(Directions)
Leaving out every picture, please repeat exactly the line that contains "图③:江苏省东台市公安局党员" and each line after it through the final line below.
═════ Data for review
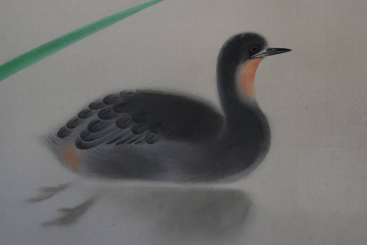 真作/梅村素渓/池畔図/芦に水禽図/横物/水鳥図//掛軸☆宝船☆AA-270
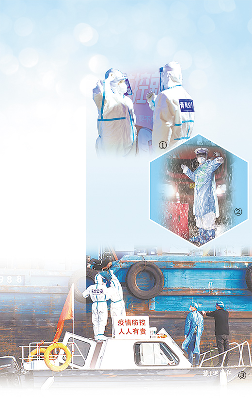 图③:江苏省东台市公安局党员民警和社区党员干部、医护人员组成水上党员服务队,登船采集核酸样本。
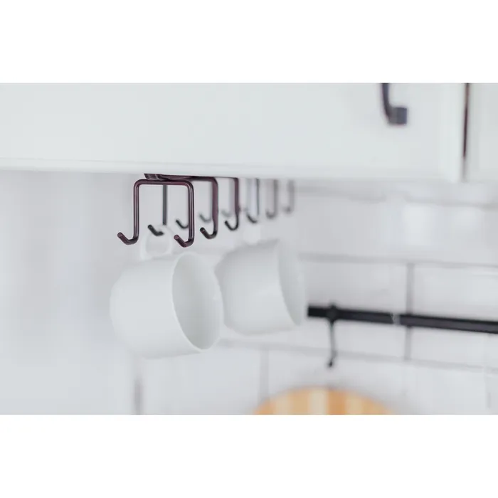 - Держатель можно использовать для хранения кружек, а также для полотенец, благодаря удобным крючкам.
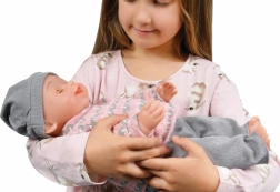 Ta interaktivna punčka iz kolekcije NATALIA COLLECTION združuje klasično zabavo z modernimi funkcijami. Po pitju iz stekleničke dojenček res sede na kahlico in lula, na pobožanje trebuščka se odzove z veselým smehom in brbljanjem, ob polaganju zapira oči ter oddaja pomirjujoče zvoke.
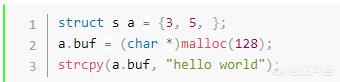 这样看来,就本例而言,b = a;显然是一次“深拷贝”,因为 a, b 在内存中彼此独立,并且拷贝后,b 的内容和 a 的内容完全相同。那C语言的结构体赋值拷贝一定是“深拷贝”吗?我们将结构体 s 新增一个指针成员 buf:
══════════
(Output for this task)
 图③:江苏省东台市公安局党员民警和社区党员干部、医护人员组成水上党员服务队,登船采集核酸样本。
 - Держатель можно использовать для хранения кружек, а также для полотенец, благодаря удобным крючкам.
 Ta interaktivna punčka iz kolekcije NATALIA COLLECTION združuje klasično zabavo z modernimi funkcijami. Po pitju iz stekleničke dojenček res sede na kahlico in lula, na pobožanje trebuščka se odzove z veselým smehom in brbljanjem, ob polaganju zapira oči ter oddaja pomirjujoče zvoke.
 这样看来,就本例而言,b = a;显然是一次“深拷贝”,因为 a, b 在内存中彼此独立,并且拷贝后,b 的内容和 a 的内容完全相同。那C语言的结构体赋值拷贝一定是“深拷贝”吗?我们将结构体 s 新增一个指针成员 buf:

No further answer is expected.